The purpose of the study was to place the compaction of untreated roadbuilding materials on
a more scientific basis. An investigation was therefore launched to determine the effect of
measured material properties on their compactability. A non-standard vibratory compaction
test was used to compact the samples in one layer. New test parameters to quantify the
shape and texture of the material were also developed, namely the shakedown bulk density
and the shape factor. The CBR values of the materials at moulding moisture content were
determined for each material for a range of densities and moisture contents. The maximum
dry densities (MOD) (vibratory and mod. AASHTO) and optimum moisture content (OMC)
(vibratory and mod. AASHTO) were also determined.

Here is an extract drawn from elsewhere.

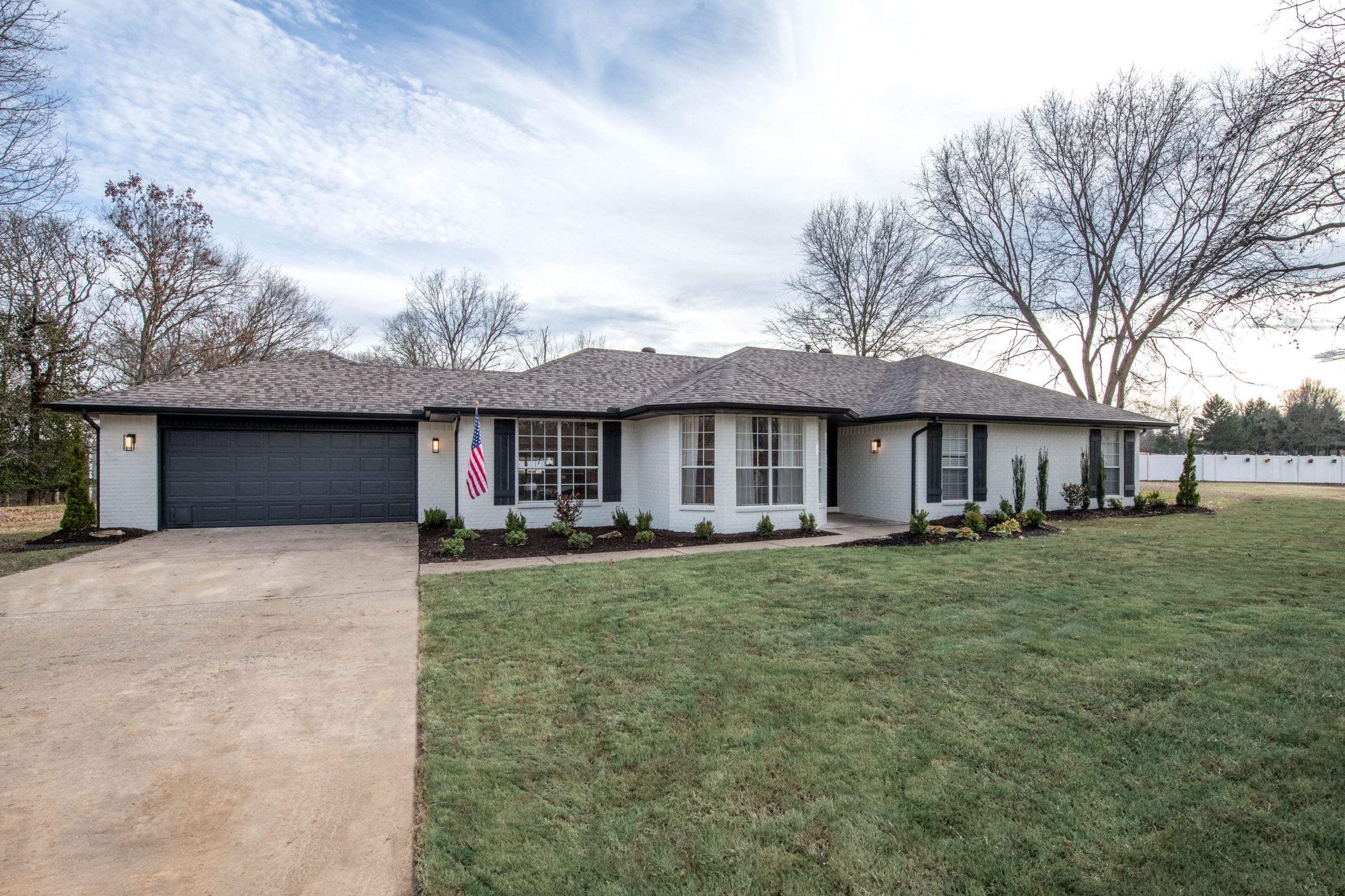 The exterior of this home was pretty straightforward. Dustin and Hannah wanted to brighten up the dated brick with a traditional white color. With so much brick, we thought it would also be a good idea to break it up a bit with the contrast of black shutters. Dave whipped those up quickly, and they make such a big difference. We also switched out the front door for a more modern statement with a large window, and we finished everything off with fresh landscaping and new outdoor lights.

The measured values were then evaluated in terms of the following physical properties of the
materials: grading, Atterberg limits, linear shrinkage, shakedown bulk density (SBD), loose
bulk density (LBO), shape factor (SF) and specific rugosity (Srv). In the extensive laboratory
study of 21 different untreated roadbuilding materials, varying from TAB classes A-7-6 to A-1,
it was found that both the maximum dry densities and moisture regimes can be quantified in
terms of the grading, liquid limit and linear shnnkage of the materials. These relations were modelled by means of regression analysis. Besides this a general bearing capacity model was found for all these materials where the
CBR is a function of the dry density and moisture content of the material. This model was
further refined to take account of the influence of shape and texture of the particles so that
it is possible to determine reasonable estimates of the bearing capacity for a range of
densities and moisture contents from the grading, Atterberg limits, linear shrinkage,
shakedown bulk density and shape factor.
This investigation has shown that physical laws govern both the compactability and bearing
capacity of untreated roadbuilding materials, irrespective of their composition or nature,
making it possible to approach the compaction of untreated roadbuilding materials in a more
generalised manner.